> [Work order]
Output the data in full. Keep every word exact and exclude the pictures.

> [Given data]
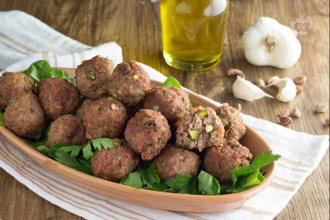 La magia avviene quando i pistacchi croccanti interrompono con la loro nota tostata la cremosità del Grana Padano, mentre il prezzemolo fresco e l'aglio lieve regalano un'armonia di profumi mediterranei. La mortadella, tagliata a cubetti piuttosto che tritata, si scioglie in cuore rilasciando il suo inconfondibile gusto speziato.
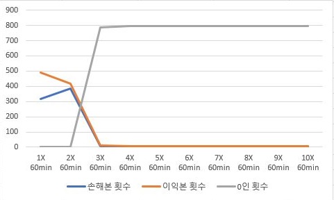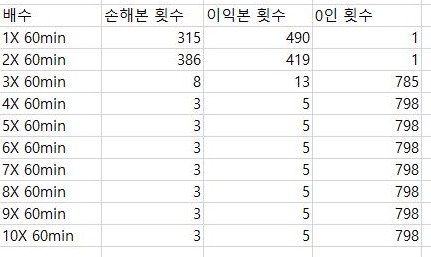 여기서 특이한 것을 하나 알았는데, 일단 같이 3배수 이상부터는 그렇게 의미없는 거래량이 없는 것이 이어지지만, 문제는 손해량에 비해서 이익량이 엄청나게 적다는 것 입니다.
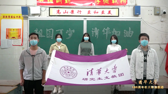 “莘莘学子情,念念感恩心。紫荆漫四月,水木湛开云。举目通山川,同学情四海。祝福母校109岁生日快乐!”

> [Answer space]
 La magia avviene quando i pistacchi croccanti interrompono con la loro nota tostata la cremosità del Grana Padano, mentre il prezzemolo fresco e l'aglio lieve regalano un'armonia di profumi mediterranei. La mortadella, tagliata a cubetti piuttosto che tritata, si scioglie in cuore rilasciando il suo inconfondibile gusto speziato.
 여기서 특이한 것을 하나 알았는데, 일단 같이 3배수 이상부터는 그렇게 의미없는 거래량이 없는 것이 이어지지만, 문제는 손해량에 비해서 이익량이 엄청나게 적다는 것 입니다.
 “莘莘学子情,念念感恩心。紫荆漫四月,水木湛开云。举目通山川,同学情四海。祝福母校109岁生日快乐!”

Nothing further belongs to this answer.